We’ve spent out time avoiding whales—in some cases, literally stopping the boat to keep from hitting them; hanging out with a cherished few other kid boats for a couple of nights; working our way around the southern peninsula of Panama; and learning about swell.
Persistent swell from far-flung ocean storms has been on our radar since we underestimated the impact of waves on our Beaufort-Charleston run. We get pretty accurate wave info from Predict Wind, and we pay attention to both the wave height and the distance between waves. But waves in the Pacific are different from Atlantic waves, and we’ve found ourselves caught out by building swell that makes awesome surfing conditions, but poor anchoring.
On our run from Isla del Rey past Punto Malo, we had such great breeze and current in our favor that we thought we might get around the entire peninsula in one long overnight trip; but we soon ran into strong headwinds and waves that had us ducking behind Punto Guanico around 3:30 in the morning. The next day, after a leisurely pancake brunch, we pulled up the anchor to try and get a little more protection from the swell closer to the point. Instead, we were confronted with two huge sets of waves rolling towards us! Fortunately, the anchor was already up, and we beat a hasty path out of there.
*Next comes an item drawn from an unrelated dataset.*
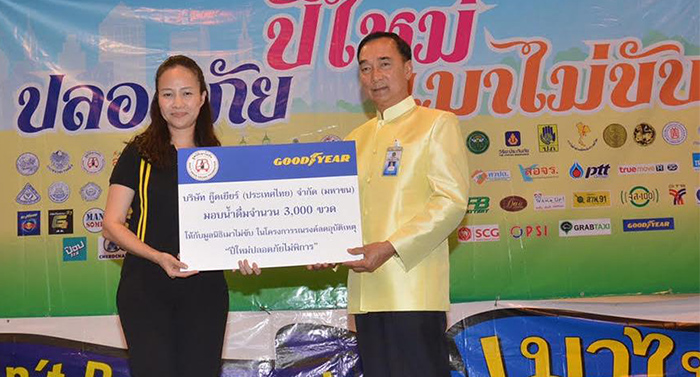 บริษัท กู๊ดเยียร์ ประเทศไทย จำกัด (มหาชน) ร่วมกับกระทรวงคมนาคม และมูลนิธิเมาไม่ขับ สานต่อการปลุกจิตสำนึกเรื่องการขับขี่อย่างปลอดภัย ในโครงการ "ปีใหม่ปลอดภัยไม่พิการ" เพื่อลดอุบัติเหตุบนท้องถนนในช่วงเทศกาลปีใหม่ มอบน้ำดื่ม 3,000 ขวดให้กับมูลนิธิเมาไม่ขับ เพื่อนำไปแจกจ่ายให้กับผู้ขับขี่ โดยสนับสนุนให้มีการขับขี่อย่างปลอดภัยระหว่างการเดินทาง ซึ่งเป็นการสานต่อโครงการรูปแบบเดียวกันที่จัดขึ้นในช่วงเทศกาลสงกรานต์ ด้วยการบริจาคอุปกรณ์ตรวจสอบสภาพรถให้กับคณะวิศวกรรมศาสตร์และเทคโนโลยี มหาวิทยาลัยเทคโนโลยีพระจอมเกล้าพระนครเหนือ วิทยาเขตระยอง

Our quick exit meant pushing on through the continuing headwinds and waves of the previous night, to finally anchor in the rolly little bay at Ensenada Naranjo around midnight. One more push to find a calm anchorage the next day, on the north side of Isla Cebaco, and we could finally recover.
The stretch of Pacifc coast of Panama that we’ve been traversing is incredibly beautiful. We’re reminded of Hawaii, with steep, verdant mountains rising sharply up from the ocean, and huge waves rolling along rocky shores. We’re not the only ones monitoring the waves; this area of Panama is filled with surfers. We’ll continue on along the more protected bays and islands, avoiding the spots where the waves stack up, on our way to the menagerie of Costa Rica.